In case you’re curious, this is how China does anal COVID-19 swab tests | Lifestyle.INQ

OCTOBER 27, 2022

If you don’t like the thought of your nose and throat being poked with a cotton swab to test for COVID-19, the Philippine Red Cross recently launched a less invasive procedure via saliva specimen. China, however, is taking an even more invasive approach: via your bowels. Chinese authorities have begun taking anal swabs from residents of Beijing who are considered at high risk of contracting coronavirus.

Why anal swab? 

A senior doctor at Beijing’s You’an Hospital in an interview with a local broadcaster said anal swabs “can increase the detection rate of infected people” as traces of the virus linger longer in the anus than in the respiratory tract.

The Chinese government ramped up its testing efforts after small localized outbreaks occurred in multiple cities over the last few weeks, with northern China sealed off from the rest of the country.

Photo by Grig Montegrande for Inquirer

Throat and nose swabs, however, remain the primary method employed in China, owing to anal swab’s inconvenience. It doesn’t help either that residents feel humiliated during the ordeal.

In case you’re curious and want a mental picture of the procedure: imagine a cotton-tipped swab inserted into the rectum about one to two inches deep.

Throat and nose swabs still the standard

Other medical experts in China, however, still stand by the accuracy of nasopharyngeal swab tests. “There have been cases concerning the coronavirus testing positive in a patient’s excrement, but no evidence has suggested it had been transmitted through one’s digestive system,” Yang Zhanqiu, a pathology expert at Wuhan University, told China’s Global Times.

Photo by Mufid Majnun on Unsplash

As early as last year, Chinese researchers have been looking into the efficacy of anal swab tests versus throat and nose swabs.
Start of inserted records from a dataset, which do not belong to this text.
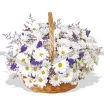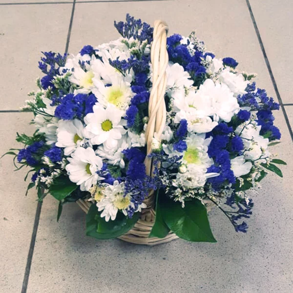 Уменьшенный: хризантема белая кустовая ромашковидная - 5 шт., статица - 3 шт., декоративная зелень, оазис, корзина малая.
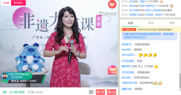 作为非物质遗产的传承人,陈玲玉老师很感谢酷狗直播这个平台,让观众对传统文化有进一步的接触和了解。她也和观众分享了她与粤曲的故事,原来,她已经从事曲艺表演四十一年,从懵懂小女孩年纪便开始在广东音乐曲艺团学艺,经过多年努力成为了国家一级演员。和蔼可亲的陈玲玉老师还在线回答了许多酷狗网友关于粤曲的问题,比如粤曲与现在的粤语流行曲的不同之处、粤曲与粤剧的渊源以及如何练发声等,令观众获益匪浅。
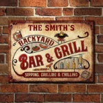 Message: “Backyard Bar & Grill – Sipping, grilling and chilling”.
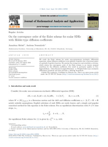 On the convergence order of the Euler scheme for scalar SDEs with Hölder-type diffusion coefficients.
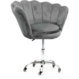 Silla de manicura tipo ostra en terciopelo gris , disponible con patas doradas y base de ruedas . Su silueta sencilla y su amplio respaldo la hacen una silla muy cómoda y moderna.
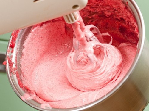 Полученную ягодно-манную массу охладить примерно до 30 градусов С. Если нужно приготовить десерт быстро, поставьте кастрюлю на холодную водяную баню. Если есть время, дайте массе остыть естественным образом. Взбивать – начиная с небольших оборотов миксера и постепенно увеличивать скорость. Чем дольше вы будете взбивать мусс, тем воздушнее получится ваша «манна небесная» – пышнее, светлее и, в конце концов – вкуснее.
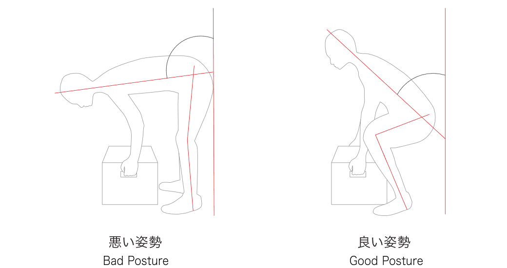 腰の悩みの要因は、頻繁な持ち上げ動作や前かがみ動作と言われています。日常作業で頻繁に行われる悪い姿勢を理想的な姿勢に導きながら、腹筋や背筋などの筋肉を正常に機能させ、身体にやさしく腰の負担を軽減させます。
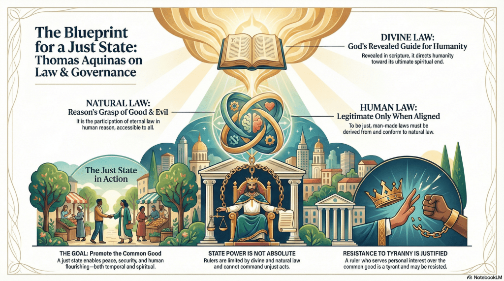 In political terms, human laws must align with natural and divine law to be legitimate, reflecting universal moral principles. For example, in the Summa Theologica (ST I-II q. 90 a. 2), he argues that law “is nothing more than an ordinance of reason for the common good, promulgated by the head of the community,” guided by divine reason.

In a study published in the Future Microbiology journal last year, the Weihai Key Laboratory of Medical Microbiology and Immunology found that “intestinal infection was observed in the later stages of infection, indicating that the clearance time of SARS-CoV-2 in the digestive tract was later than that in the respiratory tract.” So basically, other testing methods will still have to be employed.

As one Chinese resident shares on Weibo, after an anal swab, they had to undergo a throat swab afterward, all the while praying the nurse would remember to use a new swab.